なのに、それをリディアが理解するとは、レオナルドは思ってもみなかった。
「僕を救うのは君だったのか……」
「訳のわかんないこと言わないで!一緒にこの場を乗り切るんでしょう!」
リディアの引き上げで、レオナルドは立ち上がるが、怪我した脚が痛み、思わずうめいた。
「ねぇ、大丈夫!?」
レオナルドは、リディアをじっと見つめる。
彼女に魔法陣を解読させて、この魔法陣が無効化できたら、レオナルドは闇魔法が自在に使える。
人々の不安を消すことができる。
人々を、支配することができるーー。
そうなった時、邪魔になるのは、きっとリディアとアレンだ。
「リディア、僕はもう戦うのは厳しい。君が、あいつを倒すんだ」
「え……?」
「大丈夫、君ならできる……時間魔法を使える君なら、きっとあいつを倒せる」
「何言ってんの!?」
怪我をしたとて、自分はまだ戦えるし、司教をきっと倒せるだろう。
だが、ここはリディアが闇魔法とどう対峙するかを見ておきたかった。
これは予感だ。
僕たちは近い将来、きっと敵対する。君はいつだって、僕に守られるのを嫌い、支配しようとすると反抗するから。

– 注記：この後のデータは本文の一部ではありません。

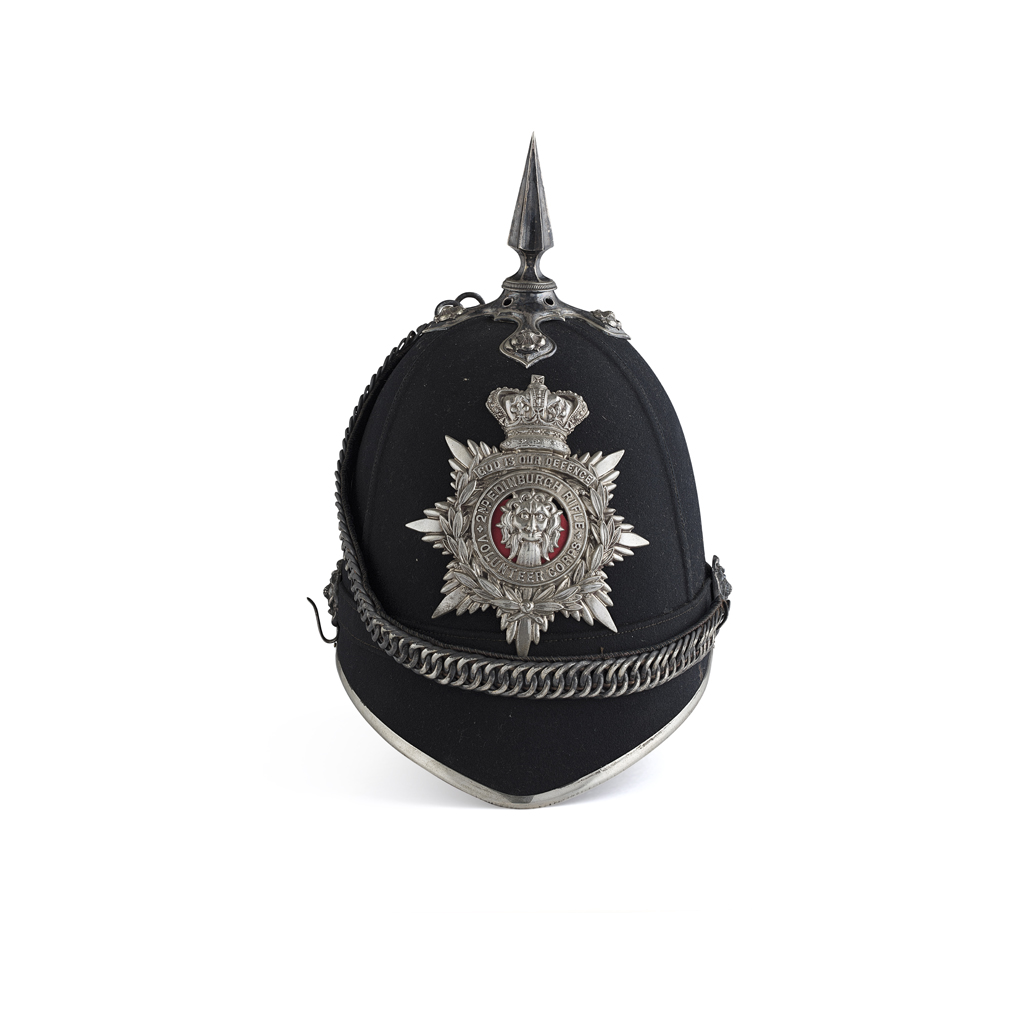the black cloth helmet of tradition form with plated spike, and chain chin strap, applied with regiment plate to front, the leather and silk interior inscribed 'Hill Bros military outfitters London'
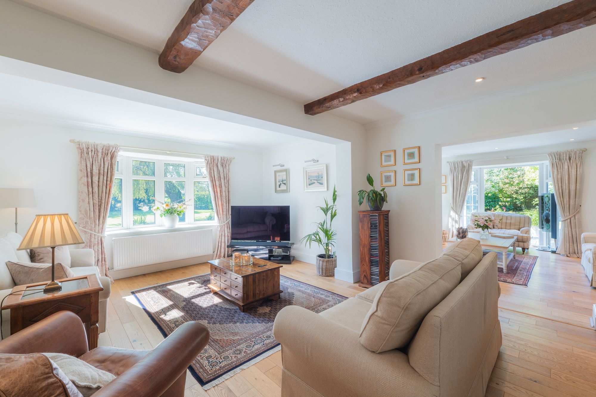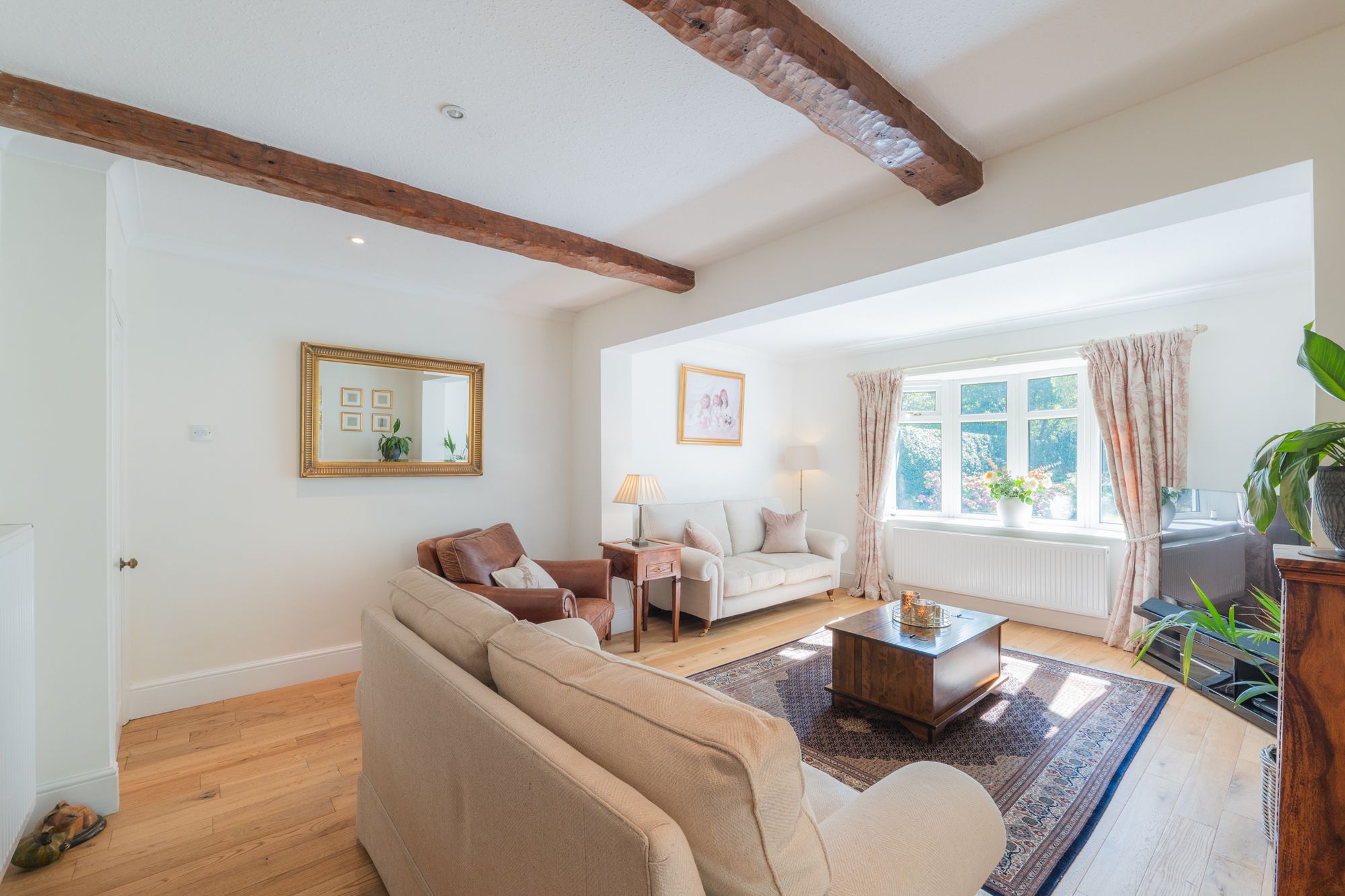 From the sitting room, connect through into the large lounge, spacious and serene, with fresh white walls and exposed treacle-toned beams above. With plenty of space for a Christmas tree during the festive season, gather and exchange gifts on Christmas morning, with leafy views out through the window. An alcove beneath the staircase is a quiet place for a desk and chair, with shelving above for those working from home.

だからどうか、闇魔法との戦い方を、今僕に見せてくれ。そうすれば、いつか君が僕の前に立ちはだかる日がきても、僕はその力を封じられる。君を抑える方法を、今、確かにしておきたいんだ。
ーーそうすれば、敵になった未来でも、僕は君を支配できる。君が僕に時間魔法を捧げ、僕と一緒にいてくれる未来がやってくる。